Paria : grand roman de l'Amérique blanche à la fin des 60's

Polar ? Non. Roman noir ? Assurément. Et du meilleur niveau qui soit. Paria, de Richard Krawiec, possède d'abord une qualité d'écriture admirable, quelque chose de très épuré, simple, sans jamais se perdre dans des descriptions physiques ou géographiques, en usant avec parcimonie des adjectifs. Et cela donne un récit où la fluidité règne, l'évidence est partout. Mais cela, le lecteur le savait déjà depuis au moins son précédent roman, Vulnérables.
Mais Krawiec n'est pas, tant mieux pour nous, qu'un sacré styliste. Il raconte de terribles histoires.Terribles dans le double sens, de douloureuses, effrayantes et d'une très grande qualité. Et ce qu'il y a de mieux, c'est qu'il utilise un matériau fait de presque rien. Il ne convoque pas la grande Histoire américaine ou le fait divers inédit paru dans le canard local. Non, comme un potier utilise une argile, Krawiec utilise les humains les plus basiques. Ici (on est en octobre 1967, dans une ville du Massachussets), c'est Stewart Rome, le narrateur et personnage central. Comme le Billy d'Invulnérables, il a du mal à se faire des amis. C'est pourtant un collégien tout ce qu'il y a de plus normal ou presque : bonnes notes, père, assez froid, qui enquille les jobs intérimaires, mère aimante. Mais voilà "la plupart du temps, je me sentais, creux, mal, dévoré de l'intérieur". Du coup, ils traînent avec deux mauvais gosses, Doyle et Murphy, canailles et abrutis, autant par leur misère intellectuelle que par le shit, les acides qu'ils ingurgitent. C'est pourtant la seule compagnie de Stewie. Il y a eu Emmett, un jeune garçon noir, effronté, grande gueule. Sauf que notre narrateur l'a trahi assez vite. Et puis il y a Masha. La nouvelle de la classe. Une jolie Polonaise qui va chercher aide et amour chez Stewie. "Elle a été ma petite amie secrète, le premier et le seul véritable amour de ma vie". Le narrateur écrit cela bien des années plus tard. Des décennies ont passé. Comme une thérapie. Car le 14 octobre 1967, Masha a été sauvagement agressée, violée et Stewart Rome a été incapable d'intervenir, d'empêcher cela; Et depuis, bien sûr, ça le ronge comme l'océan grignote un littoral, doucement, sûrement, sans échappatoire.

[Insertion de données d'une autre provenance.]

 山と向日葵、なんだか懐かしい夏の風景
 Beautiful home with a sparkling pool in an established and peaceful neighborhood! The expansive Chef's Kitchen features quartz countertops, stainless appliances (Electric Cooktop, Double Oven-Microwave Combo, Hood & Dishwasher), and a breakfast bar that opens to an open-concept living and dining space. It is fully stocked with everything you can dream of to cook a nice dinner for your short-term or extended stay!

Paria est une histoire sur une époque, oui. La fin de ces années 60 où règne un racisme qui n'a peut-être, et même surement, pas tant reculé. Un temps où le couteau, après West Side Story, règle les conflits bien avant les armes de poing. Et c'est aussi un roman sur la lâcheté. Cette couardise qui nous fait baisser la tête devant la bêtise de la masse. Cette couardise propre aux hommes en bandes. Finalement, Paria est une grande oeuvre de sociologie où l'on pèse ce poids du capital social : le père de Stewie développe un racisme basique, Doyle et Murphy un racisme de pure haine, même les filles s'y vautrent , elles qui affrontent une misogynie crasse, faite de mépris et de coups. On est loin de l'ambiance hippie de San Francisco ! Et là le lecteur se dit : "mais Krawiec écrit sur maintenant, sur ce XXIe siècle". Mince. Parce que le pauvre Emmett c'est une victime comme l'Amérique en fabrique encore en ce moment. Et Masha aussi.

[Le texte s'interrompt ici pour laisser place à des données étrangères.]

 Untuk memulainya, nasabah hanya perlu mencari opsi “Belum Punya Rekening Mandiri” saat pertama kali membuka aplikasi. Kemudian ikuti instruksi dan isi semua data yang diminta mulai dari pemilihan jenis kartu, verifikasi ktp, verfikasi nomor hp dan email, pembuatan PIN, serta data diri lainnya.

Le talent de Richard Krawiec, c'est d'abord d'être un formidable conteur, de dire l'adolescence, ses émois, ses peurs, avec une sensibilité brute, mais il y a aussi tout ce décor qu'il pose, les personnages secondaires qu'il exécute avec 20 lignes et ce fond social, écrasant, incontournable. Paria est d'ailleurs assez court, pas trop court, mais on se surprend à se dire que quelques 100 pages en plus on les aurait volontiers prises. Un vrai grand roman. Et quelle préface d'Hervé Le Corre !

Paria (trad. Charles Recoursé), ed. Tusitala, 220 pages, 20 euros.